Опера вставили между фаланг пальцев Калугина три карандаша и начали сжимать пальцы между собой. Калугин закричал от боли, но ему заткнули рот тряпкой. Боль была неимоверной, казалось бы, обычные карандаши. Такого у Калугина никогда не было. Он стонал, рычал, но ничего не мог сделать. Один опер держал пальцы. Второй выравнивал карандаши относительно плоскости руки на девяносто градусов. Третий сильно сжимал руку Калугина. После пятнадцати минут эксперимента с карандашами Калугин не чувствовал свои пальцы. Он только и мог от боли переминаться с ноги на ногу. Тиски крепко держали его руку и со стороны это выглядело банально – как будто он очень сильно хочет в туалет.
– А теперь пакет. – резко скомандовал Шмаров. – Попробуем совместить.
Калугину заклеили рот скотчем и надели пакет на голову. Началась вчерашняя процедура. Шмаров периодически бил его по печени и через полчаса у Калугина подкосились ноги. Он повис на руках.
– Перерыв, идём курить. – сказал Шмаров, и все ушли на перекур.
Калугин висел и думал о том, что ему делать? Что предпринять, чтобы от него отстали? Может действительно начать стучать? Когда его ночью насиловали в камере ведь никто даже ничего не крикнул. В карантине тоже никто не спросил кто он и что он. Да и в отряде тоже. Каждый был сам за себя. Так если всем на меня похуй, тогда зачем мне страдать? Меня насилуют, пытают, бьют, меня убьют и никому до этого нет дела. Это же моя жизнь, если её так можно назвать, но жизнь. В этой зоне и так все стучат друг на друга. Зона стукачей и маньяков, как среди зэков, так и среди мусоров. Я калекой отсюда выйду по концу срока. Они хотят, чтобы я стучал, значит я буду стучать. Что я сказку им не расскажу, что ли, что они лучше цветных мусоров? Да если бы меня за каждую кражу садили, я бы уже лет сто отсидел.

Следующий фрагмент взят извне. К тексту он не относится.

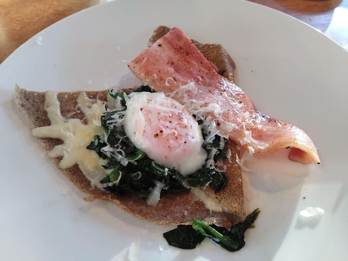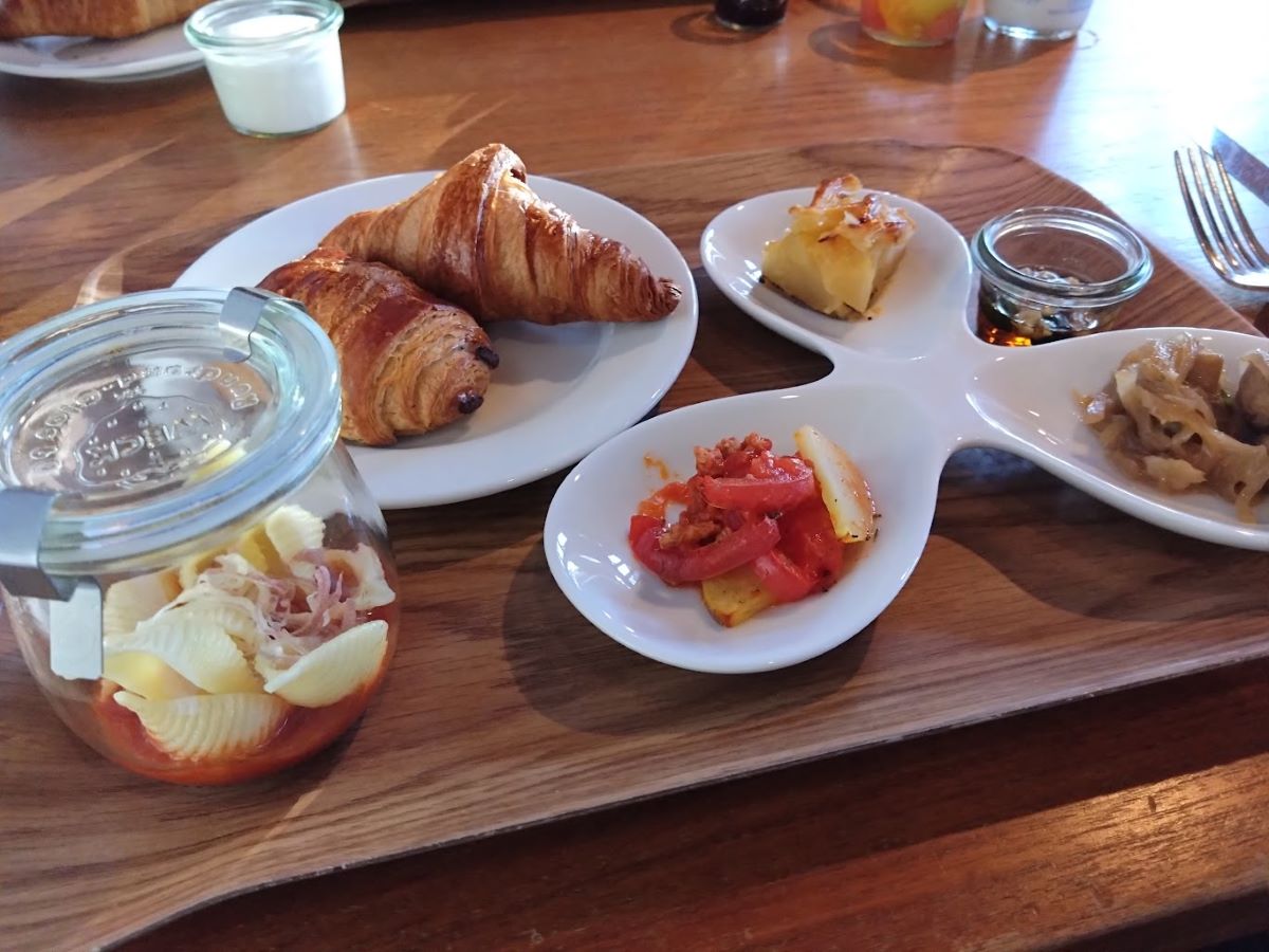 焼きたてのガレットが出てくるまで、充実したサラダバーやベーカーリーを楽しむ。地元の牛乳が置いてあったりするのも意外に嬉しい。何年ぶりかなぁ、味などは忘れてしまっていたが、出てきたガレットは、やっぱり旨かった。食べた老夫婦は色んなことを思い出して雄弁になる笑。

– Ну что Калугин, как себя чувствуешь? – спросил пришедший с перекура Шмаров.
– Гражданин начальник, я буду стучать, слово даю. Дайте ручку и бумагу. Я буду писать про всё, что знаю. – сходу заявил Калугин Шмарову.
– Вот те раз. – удивился Шмаров. – Наверно, как прошлый раз думаешь меня прокатить? Э-э не, так уже не получиться.
– Гнездилов, сосед мой по шконке, общался с каким-то зэком. Я его лицо не видел, но они говорили, что неплохо бы выйти в промзону. Там типа свободы больше и много мест, где можно прятать запреты, не то, чтобы в жилке.
– Так, поподробнее. – сразу заинтересовался Шмаров. – Какие запреты?
– Карты. Он говорил, что там больше возможностей поиграть в карты.
– Вот сука, я так и думал про этого Гнездилова. Отвяжите его, сейчас всё это мне напишешь. Вторая рука у тебя может писать.
Калугина отстегнули, дали ручку и бумагу и посадили за стол. Он всё написал, что ему было известно о Гнездилове и картах.